Your assignment = Return the listing below exactly, with the pictures dropped.

Provided data =
== Segment start ==

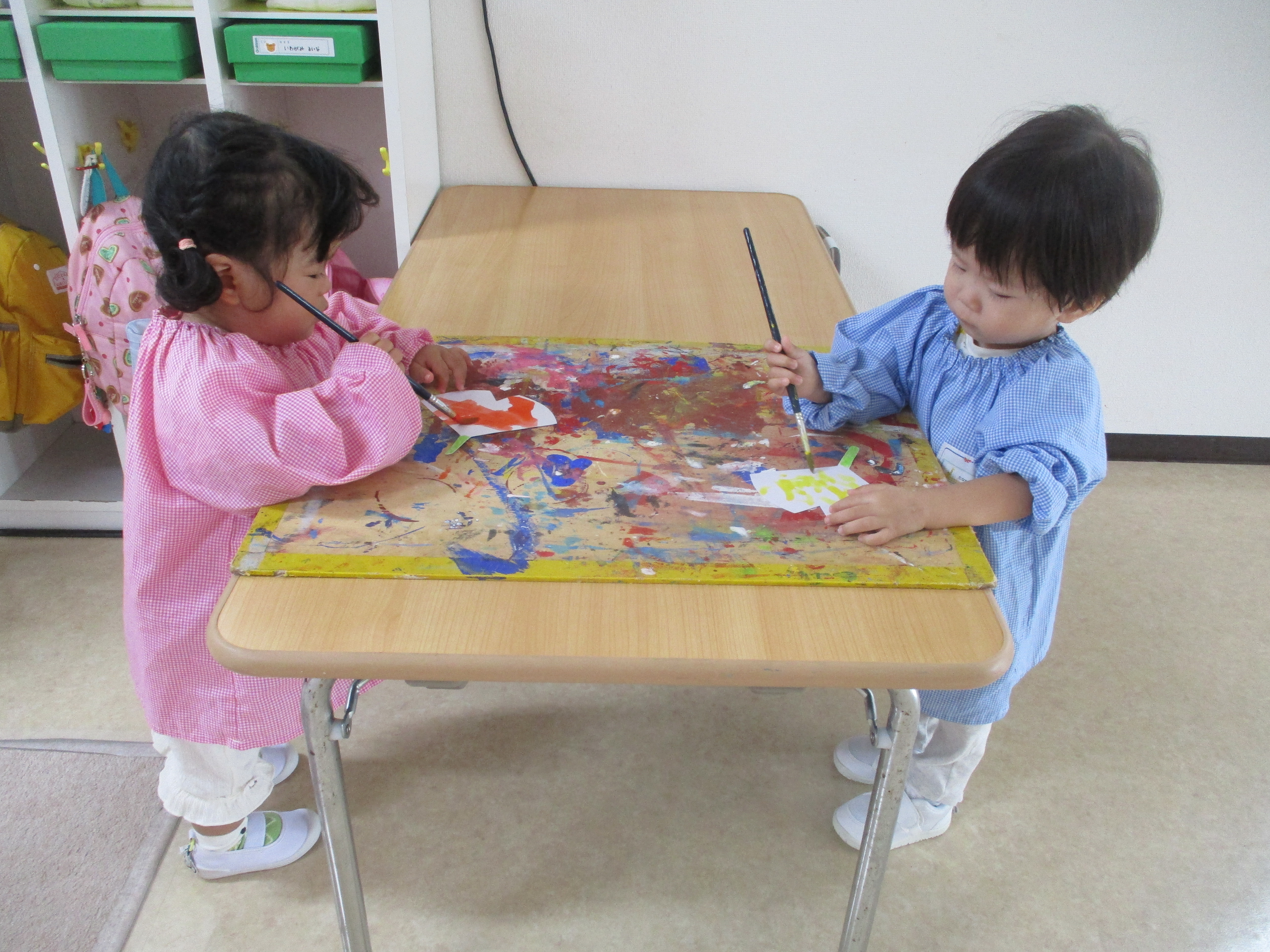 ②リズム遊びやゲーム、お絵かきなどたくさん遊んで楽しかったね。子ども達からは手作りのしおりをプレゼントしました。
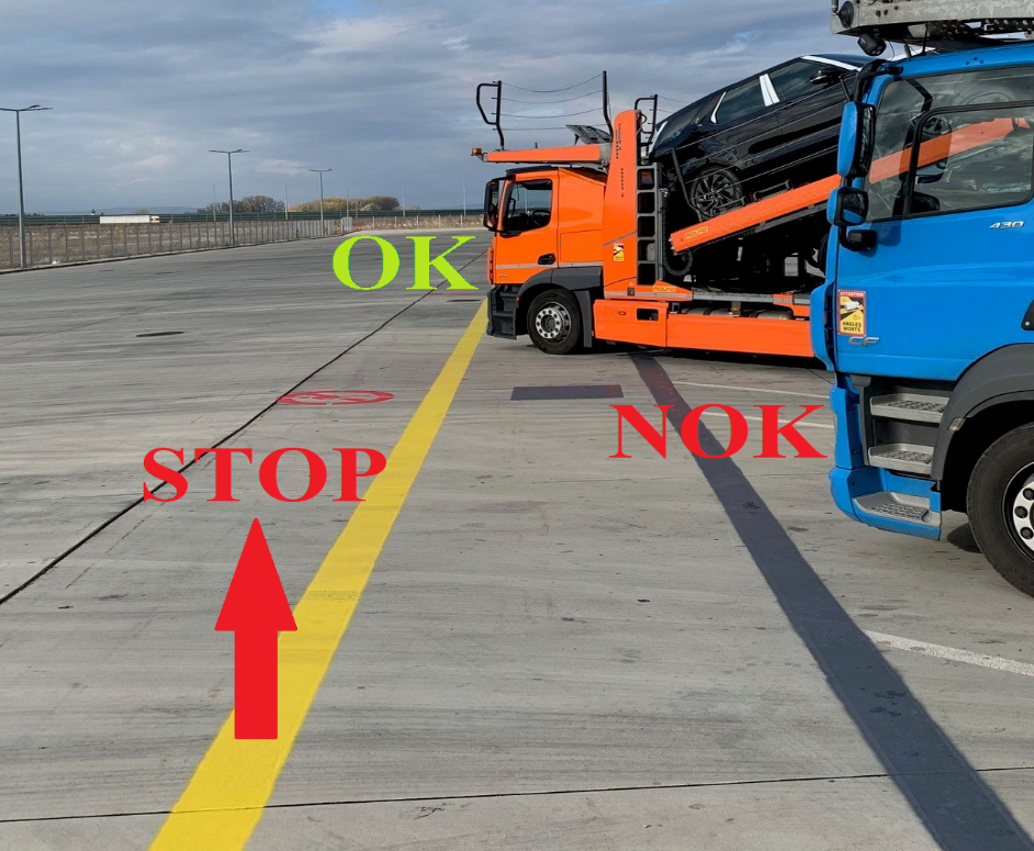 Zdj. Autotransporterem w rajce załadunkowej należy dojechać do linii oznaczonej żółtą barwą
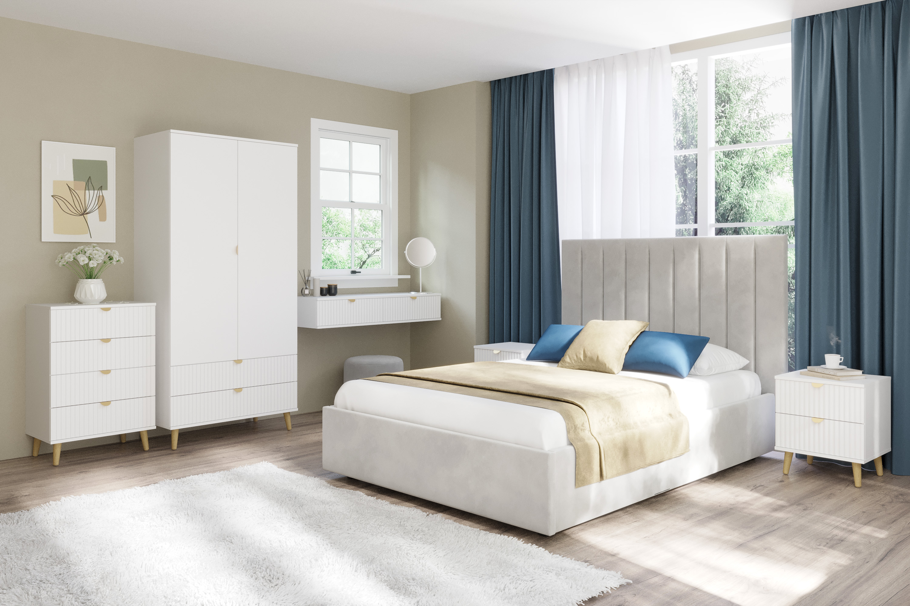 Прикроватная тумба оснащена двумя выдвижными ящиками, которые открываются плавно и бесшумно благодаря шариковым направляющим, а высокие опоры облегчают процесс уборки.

== Segment end ==

Reply =
 ②リズム遊びやゲーム、お絵かきなどたくさん遊んで楽しかったね。子ども達からは手作りのしおりをプレゼントしました。
 Zdj. Autotransporterem w rajce załadunkowej należy dojechać do linii oznaczonej żółtą barwą
 Прикроватная тумба оснащена двумя выдвижными ящиками, которые открываются плавно и бесшумно благодаря шариковым направляющим, а высокие опоры облегчают процесс уборки.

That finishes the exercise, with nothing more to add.